Identificada una nueva vía de regulación en la reparación de roturas de doble cadena en el ADN de células humanas

Guillermo Sastre-Moreno1 y Jose F. Ruiz2

1. Centro de Biología Molecular “Severo Ochoa, Universidad Autónoma de MadridCSIC, Madrid, España

2. Departamento de Bioquímica Vegetal y Biología Molecular, Universidad de Sevilla, España

 

Las roturas de doble cadena en el ADN son una de las lesiones más peligrosas para las células humanas. Imagen: National Institute of Mental Health (EEUU).

Las roturas de doble cadena en el ADN (DSBs, del inglés double strand breaks) representan una de las lesiones más peligrosas para las células humanas, ya que pueden provocar su muerte o generar reordenamientos cromosómicos que inicien o contribuyan al desarrollo tumoral. Cuando las roturas afectan al ADN nuclear, las células humanas activan una respuesta coordinada que incluye tanto la reparación de la lesión producida como el control del ciclo celular durante ese proceso de reparación (Ciccia, 2010).

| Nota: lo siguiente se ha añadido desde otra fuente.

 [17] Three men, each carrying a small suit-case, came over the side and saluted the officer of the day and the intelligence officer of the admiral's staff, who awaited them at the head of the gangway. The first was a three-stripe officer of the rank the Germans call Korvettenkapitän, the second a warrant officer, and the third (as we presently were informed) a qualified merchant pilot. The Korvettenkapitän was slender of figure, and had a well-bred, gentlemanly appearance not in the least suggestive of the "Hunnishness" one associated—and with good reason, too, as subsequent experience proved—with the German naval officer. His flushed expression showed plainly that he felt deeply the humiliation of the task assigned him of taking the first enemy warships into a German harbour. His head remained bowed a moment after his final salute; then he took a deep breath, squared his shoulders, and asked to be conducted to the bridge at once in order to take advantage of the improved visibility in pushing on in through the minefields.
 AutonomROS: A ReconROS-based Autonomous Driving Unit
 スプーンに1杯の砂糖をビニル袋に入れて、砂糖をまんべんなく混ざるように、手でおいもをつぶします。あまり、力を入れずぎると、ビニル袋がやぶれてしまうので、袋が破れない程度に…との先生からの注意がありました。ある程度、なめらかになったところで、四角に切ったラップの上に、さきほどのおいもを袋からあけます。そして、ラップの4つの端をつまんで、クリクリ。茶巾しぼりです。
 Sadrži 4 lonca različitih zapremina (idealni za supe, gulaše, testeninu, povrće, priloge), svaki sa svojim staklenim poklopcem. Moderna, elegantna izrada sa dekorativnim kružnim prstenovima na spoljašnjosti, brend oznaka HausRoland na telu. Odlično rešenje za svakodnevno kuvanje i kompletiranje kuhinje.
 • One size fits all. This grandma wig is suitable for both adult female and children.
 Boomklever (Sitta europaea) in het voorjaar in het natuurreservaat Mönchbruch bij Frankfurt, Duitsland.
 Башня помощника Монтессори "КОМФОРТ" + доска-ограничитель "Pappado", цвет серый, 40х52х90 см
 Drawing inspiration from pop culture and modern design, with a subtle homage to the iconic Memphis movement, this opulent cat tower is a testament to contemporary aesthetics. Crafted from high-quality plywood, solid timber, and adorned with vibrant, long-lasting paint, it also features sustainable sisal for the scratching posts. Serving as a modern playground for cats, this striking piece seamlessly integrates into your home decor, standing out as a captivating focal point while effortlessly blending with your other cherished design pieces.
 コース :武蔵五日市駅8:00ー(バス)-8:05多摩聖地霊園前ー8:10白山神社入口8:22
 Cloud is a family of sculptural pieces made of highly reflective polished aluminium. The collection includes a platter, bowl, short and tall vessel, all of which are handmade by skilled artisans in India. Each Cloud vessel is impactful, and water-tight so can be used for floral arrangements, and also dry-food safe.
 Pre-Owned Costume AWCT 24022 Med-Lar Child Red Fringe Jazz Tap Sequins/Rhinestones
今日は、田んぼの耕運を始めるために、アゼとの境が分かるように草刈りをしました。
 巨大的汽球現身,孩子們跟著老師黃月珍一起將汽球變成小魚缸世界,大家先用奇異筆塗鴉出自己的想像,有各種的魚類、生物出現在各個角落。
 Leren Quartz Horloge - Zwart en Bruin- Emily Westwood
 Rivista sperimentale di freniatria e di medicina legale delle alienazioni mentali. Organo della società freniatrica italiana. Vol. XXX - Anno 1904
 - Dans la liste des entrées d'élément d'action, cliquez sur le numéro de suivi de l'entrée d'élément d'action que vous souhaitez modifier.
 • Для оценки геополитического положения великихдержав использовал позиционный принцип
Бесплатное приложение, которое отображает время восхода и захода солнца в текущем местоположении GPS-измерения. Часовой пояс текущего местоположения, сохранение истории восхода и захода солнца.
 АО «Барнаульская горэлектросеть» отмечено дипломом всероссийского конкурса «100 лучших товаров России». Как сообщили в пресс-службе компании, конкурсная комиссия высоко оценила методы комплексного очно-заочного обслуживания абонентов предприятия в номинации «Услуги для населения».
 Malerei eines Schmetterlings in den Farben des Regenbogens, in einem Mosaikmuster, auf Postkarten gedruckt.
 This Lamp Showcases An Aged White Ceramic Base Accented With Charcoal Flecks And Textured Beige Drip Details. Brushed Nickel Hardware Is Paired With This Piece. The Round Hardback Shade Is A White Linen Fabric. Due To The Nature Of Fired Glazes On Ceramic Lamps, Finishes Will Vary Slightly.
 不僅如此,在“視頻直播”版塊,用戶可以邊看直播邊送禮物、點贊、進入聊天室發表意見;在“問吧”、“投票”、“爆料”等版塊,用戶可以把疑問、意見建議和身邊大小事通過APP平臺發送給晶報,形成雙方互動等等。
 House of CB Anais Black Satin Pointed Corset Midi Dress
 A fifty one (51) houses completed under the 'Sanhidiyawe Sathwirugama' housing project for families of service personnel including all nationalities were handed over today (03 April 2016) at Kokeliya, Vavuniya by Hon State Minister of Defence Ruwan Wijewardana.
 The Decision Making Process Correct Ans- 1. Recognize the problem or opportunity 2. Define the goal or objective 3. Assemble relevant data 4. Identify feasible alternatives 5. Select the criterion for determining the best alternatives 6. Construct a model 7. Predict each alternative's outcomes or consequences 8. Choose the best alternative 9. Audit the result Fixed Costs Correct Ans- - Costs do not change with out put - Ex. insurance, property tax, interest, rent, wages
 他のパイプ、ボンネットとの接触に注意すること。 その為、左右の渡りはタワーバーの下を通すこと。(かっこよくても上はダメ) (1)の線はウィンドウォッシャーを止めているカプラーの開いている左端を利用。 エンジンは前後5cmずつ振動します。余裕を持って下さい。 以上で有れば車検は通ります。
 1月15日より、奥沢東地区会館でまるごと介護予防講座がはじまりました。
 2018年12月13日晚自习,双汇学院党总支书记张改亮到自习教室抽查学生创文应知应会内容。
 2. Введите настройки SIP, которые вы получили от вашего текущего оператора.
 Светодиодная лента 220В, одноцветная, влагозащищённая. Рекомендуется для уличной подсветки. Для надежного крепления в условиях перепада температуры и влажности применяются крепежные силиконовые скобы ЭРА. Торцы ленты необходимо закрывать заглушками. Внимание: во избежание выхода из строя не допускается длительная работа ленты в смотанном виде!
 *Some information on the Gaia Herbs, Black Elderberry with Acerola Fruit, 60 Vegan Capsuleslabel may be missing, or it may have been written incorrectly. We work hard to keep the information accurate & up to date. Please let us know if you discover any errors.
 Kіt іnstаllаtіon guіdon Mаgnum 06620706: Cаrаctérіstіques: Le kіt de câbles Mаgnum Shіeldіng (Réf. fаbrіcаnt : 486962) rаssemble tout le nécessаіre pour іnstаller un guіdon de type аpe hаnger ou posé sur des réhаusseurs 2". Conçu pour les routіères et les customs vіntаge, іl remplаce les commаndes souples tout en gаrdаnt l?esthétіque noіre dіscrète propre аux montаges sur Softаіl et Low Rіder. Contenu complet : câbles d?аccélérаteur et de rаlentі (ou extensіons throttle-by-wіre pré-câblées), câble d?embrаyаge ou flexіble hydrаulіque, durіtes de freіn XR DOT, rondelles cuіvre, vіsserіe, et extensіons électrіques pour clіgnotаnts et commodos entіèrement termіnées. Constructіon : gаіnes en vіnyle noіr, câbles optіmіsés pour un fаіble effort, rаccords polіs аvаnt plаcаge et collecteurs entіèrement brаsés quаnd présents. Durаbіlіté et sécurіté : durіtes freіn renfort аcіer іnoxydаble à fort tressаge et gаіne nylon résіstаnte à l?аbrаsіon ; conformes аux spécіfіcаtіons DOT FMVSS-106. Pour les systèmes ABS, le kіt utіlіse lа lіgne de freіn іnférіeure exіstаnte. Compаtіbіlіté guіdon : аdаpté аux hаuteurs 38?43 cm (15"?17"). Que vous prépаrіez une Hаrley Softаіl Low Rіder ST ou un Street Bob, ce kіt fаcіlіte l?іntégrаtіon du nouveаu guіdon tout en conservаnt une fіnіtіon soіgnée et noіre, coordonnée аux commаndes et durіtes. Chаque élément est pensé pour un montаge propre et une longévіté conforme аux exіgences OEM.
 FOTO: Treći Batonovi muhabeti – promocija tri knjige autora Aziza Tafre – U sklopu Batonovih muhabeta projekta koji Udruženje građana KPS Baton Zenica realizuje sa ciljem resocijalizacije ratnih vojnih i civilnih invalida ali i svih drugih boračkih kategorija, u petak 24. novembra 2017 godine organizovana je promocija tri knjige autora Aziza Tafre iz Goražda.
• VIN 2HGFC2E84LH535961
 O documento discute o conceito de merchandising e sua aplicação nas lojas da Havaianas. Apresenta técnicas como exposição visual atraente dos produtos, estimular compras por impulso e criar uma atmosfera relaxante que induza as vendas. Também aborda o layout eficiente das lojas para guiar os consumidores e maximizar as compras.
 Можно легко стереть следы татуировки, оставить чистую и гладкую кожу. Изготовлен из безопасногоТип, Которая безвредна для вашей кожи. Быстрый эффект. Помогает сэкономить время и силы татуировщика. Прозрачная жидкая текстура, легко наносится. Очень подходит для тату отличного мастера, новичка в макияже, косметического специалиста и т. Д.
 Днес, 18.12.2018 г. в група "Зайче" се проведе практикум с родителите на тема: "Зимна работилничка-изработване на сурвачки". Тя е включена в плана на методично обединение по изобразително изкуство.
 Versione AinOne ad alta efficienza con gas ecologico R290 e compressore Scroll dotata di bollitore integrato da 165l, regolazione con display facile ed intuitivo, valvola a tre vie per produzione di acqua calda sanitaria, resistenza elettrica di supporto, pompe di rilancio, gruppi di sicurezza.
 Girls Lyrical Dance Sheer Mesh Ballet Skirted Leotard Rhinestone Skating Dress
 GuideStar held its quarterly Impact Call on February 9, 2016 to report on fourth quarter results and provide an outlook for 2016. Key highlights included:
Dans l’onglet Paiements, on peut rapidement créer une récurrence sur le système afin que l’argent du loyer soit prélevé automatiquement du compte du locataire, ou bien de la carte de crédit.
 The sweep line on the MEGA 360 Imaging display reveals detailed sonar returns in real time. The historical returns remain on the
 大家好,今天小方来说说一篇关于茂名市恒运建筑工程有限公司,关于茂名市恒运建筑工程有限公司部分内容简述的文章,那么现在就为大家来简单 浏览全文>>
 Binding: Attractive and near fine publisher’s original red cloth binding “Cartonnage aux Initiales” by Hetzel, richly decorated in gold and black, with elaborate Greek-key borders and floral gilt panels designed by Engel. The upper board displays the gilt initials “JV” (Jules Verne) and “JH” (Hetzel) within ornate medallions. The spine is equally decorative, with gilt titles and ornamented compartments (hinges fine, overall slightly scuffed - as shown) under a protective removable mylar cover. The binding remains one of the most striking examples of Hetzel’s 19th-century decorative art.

La proteína ATM, que recibe su nombre de la enfermedad que provoca cuando sufre determinadas mutaciones (Ataxia-Telangiectasia Mutated), es la piedra angular de esta respuesta a las DSBs en el ADN. ATM es una proteína esencial para la célula que se encarga de regular la respuesta celular al daño, modificando mediante fosforilación a toda una batería de proteínas especializadas de las que, a día de hoy, se han identificado más de cincuenta (Shiloh, 2013).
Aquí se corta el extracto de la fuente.